[Start of section]

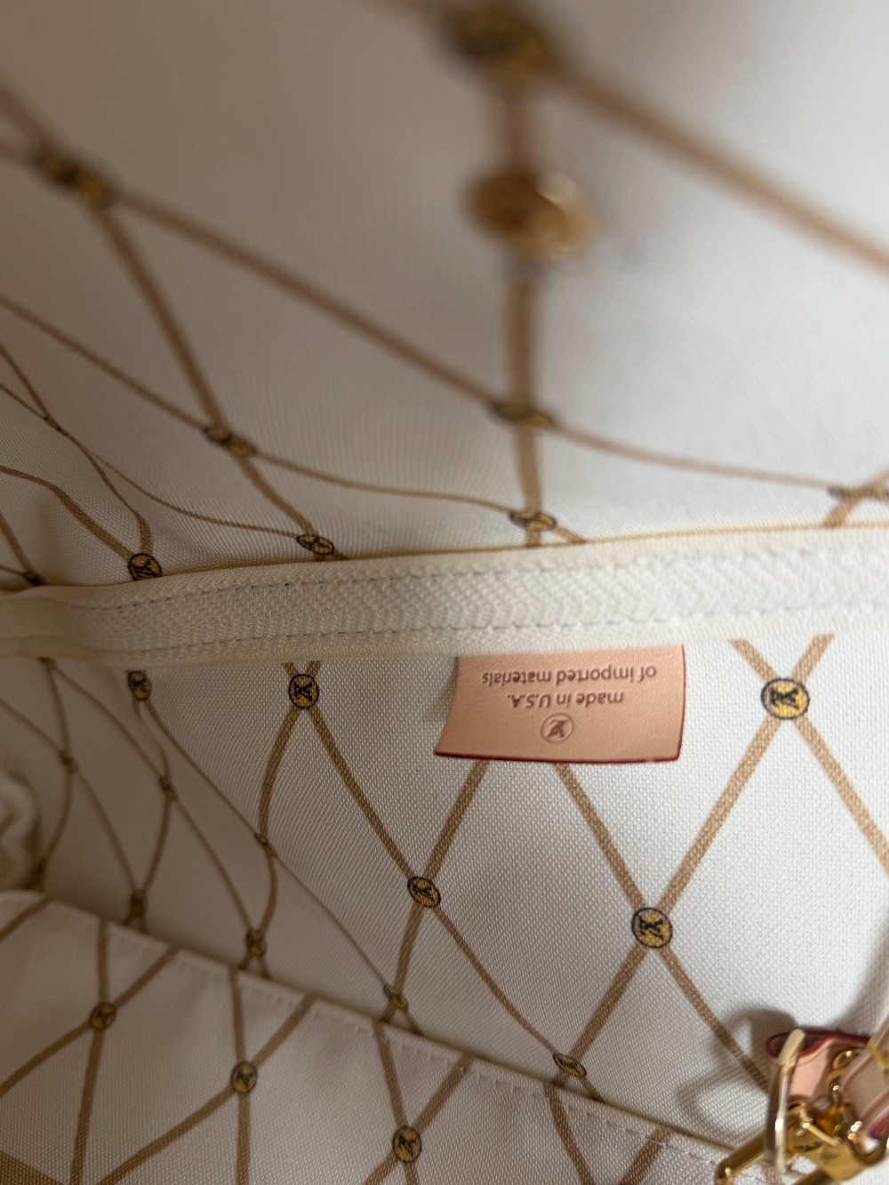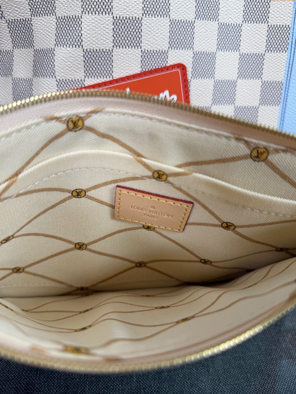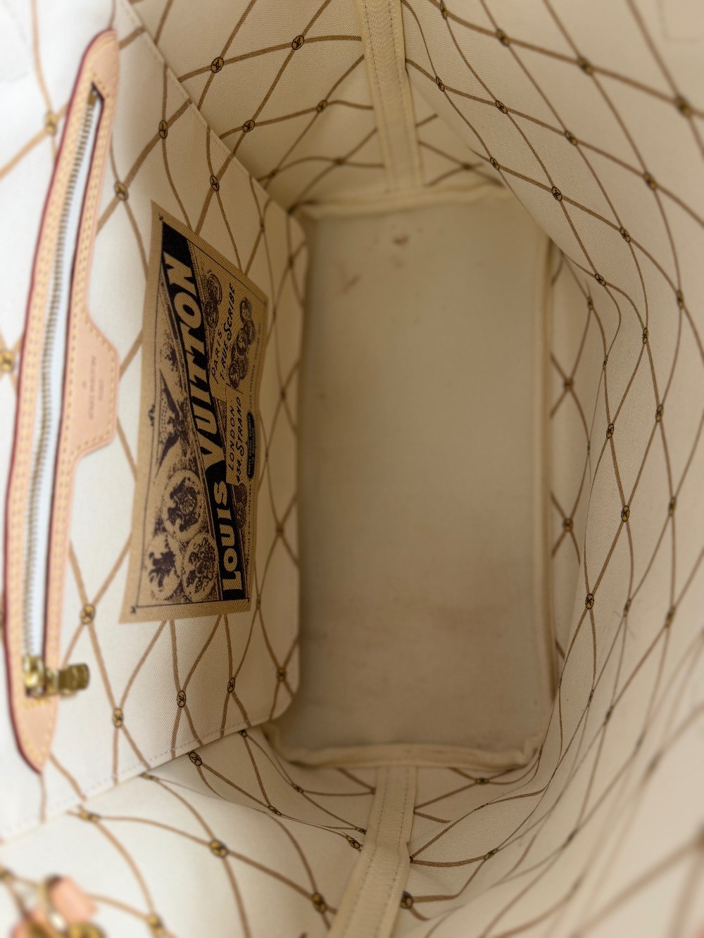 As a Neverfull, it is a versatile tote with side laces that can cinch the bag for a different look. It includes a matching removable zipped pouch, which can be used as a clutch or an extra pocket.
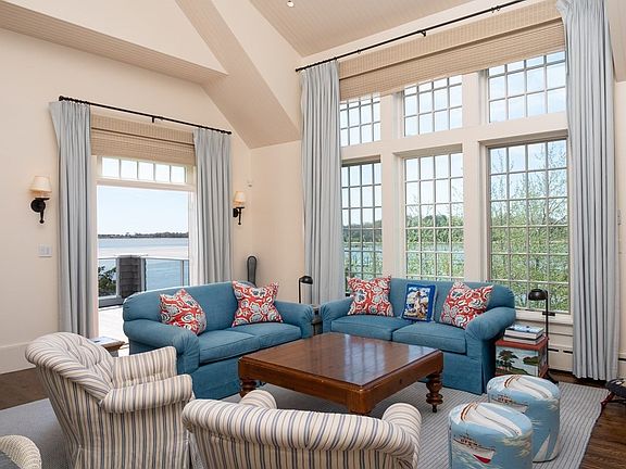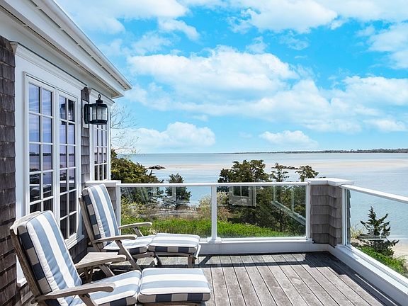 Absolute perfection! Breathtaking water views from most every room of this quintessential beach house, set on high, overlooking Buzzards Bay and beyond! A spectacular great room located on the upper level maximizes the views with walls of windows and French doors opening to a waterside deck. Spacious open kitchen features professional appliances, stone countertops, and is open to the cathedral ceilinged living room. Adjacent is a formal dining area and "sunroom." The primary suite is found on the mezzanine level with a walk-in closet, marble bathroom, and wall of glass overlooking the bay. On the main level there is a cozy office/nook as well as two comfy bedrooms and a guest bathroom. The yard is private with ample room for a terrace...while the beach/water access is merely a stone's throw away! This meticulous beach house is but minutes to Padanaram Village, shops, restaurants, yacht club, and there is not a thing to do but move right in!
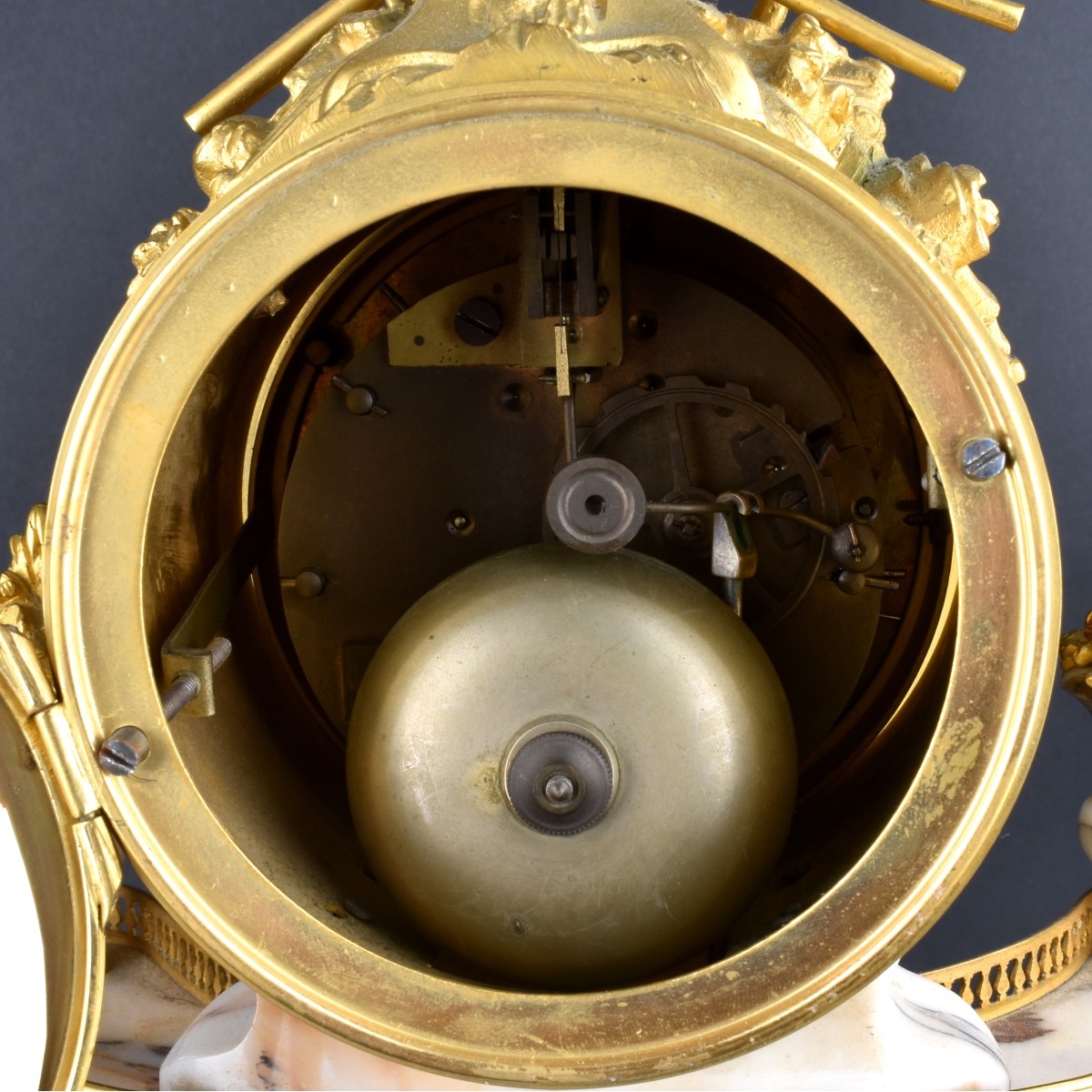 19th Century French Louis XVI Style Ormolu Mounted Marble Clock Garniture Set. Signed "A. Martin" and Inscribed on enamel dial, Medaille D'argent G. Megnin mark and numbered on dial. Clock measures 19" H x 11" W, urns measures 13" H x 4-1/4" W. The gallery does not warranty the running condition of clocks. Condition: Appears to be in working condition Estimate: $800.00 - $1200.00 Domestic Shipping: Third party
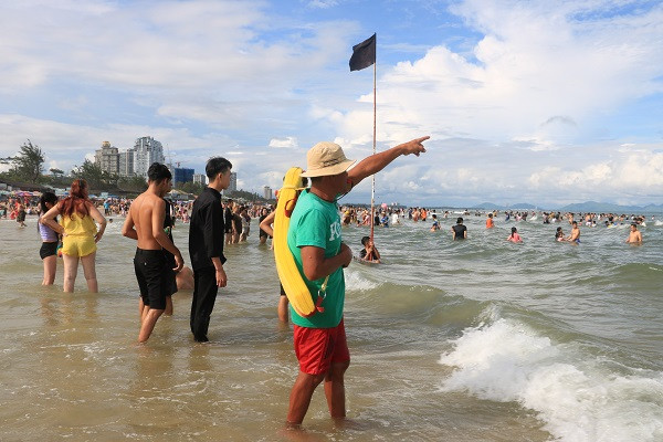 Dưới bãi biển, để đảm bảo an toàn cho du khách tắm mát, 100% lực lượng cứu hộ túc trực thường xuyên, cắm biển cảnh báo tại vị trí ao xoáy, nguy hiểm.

[End of section]

Each line above should be returned exactly as it stands, minus any pictures.

Task answer
 As a Neverfull, it is a versatile tote with side laces that can cinch the bag for a different look. It includes a matching removable zipped pouch, which can be used as a clutch or an extra pocket.
 Absolute perfection! Breathtaking water views from most every room of this quintessential beach house, set on high, overlooking Buzzards Bay and beyond! A spectacular great room located on the upper level maximizes the views with walls of windows and French doors opening to a waterside deck. Spacious open kitchen features professional appliances, stone countertops, and is open to the cathedral ceilinged living room. Adjacent is a formal dining area and "sunroom." The primary suite is found on the mezzanine level with a walk-in closet, marble bathroom, and wall of glass overlooking the bay. On the main level there is a cozy office/nook as well as two comfy bedrooms and a guest bathroom. The yard is private with ample room for a terrace...while the beach/water access is merely a stone's throw away! This meticulous beach house is but minutes to Padanaram Village, shops, restaurants, yacht club, and there is not a thing to do but move right in!
 19th Century French Louis XVI Style Ormolu Mounted Marble Clock Garniture Set. Signed "A. Martin" and Inscribed on enamel dial, Medaille D'argent G. Megnin mark and numbered on dial. Clock measures 19" H x 11" W, urns measures 13" H x 4-1/4" W. The gallery does not warranty the running condition of clocks. Condition: Appears to be in working condition Estimate: $800.00 - $1200.00 Domestic Shipping: Third party
 Dưới bãi biển, để đảm bảo an toàn cho du khách tắm mát, 100% lực lượng cứu hộ túc trực thường xuyên, cắm biển cảnh báo tại vị trí ao xoáy, nguy hiểm.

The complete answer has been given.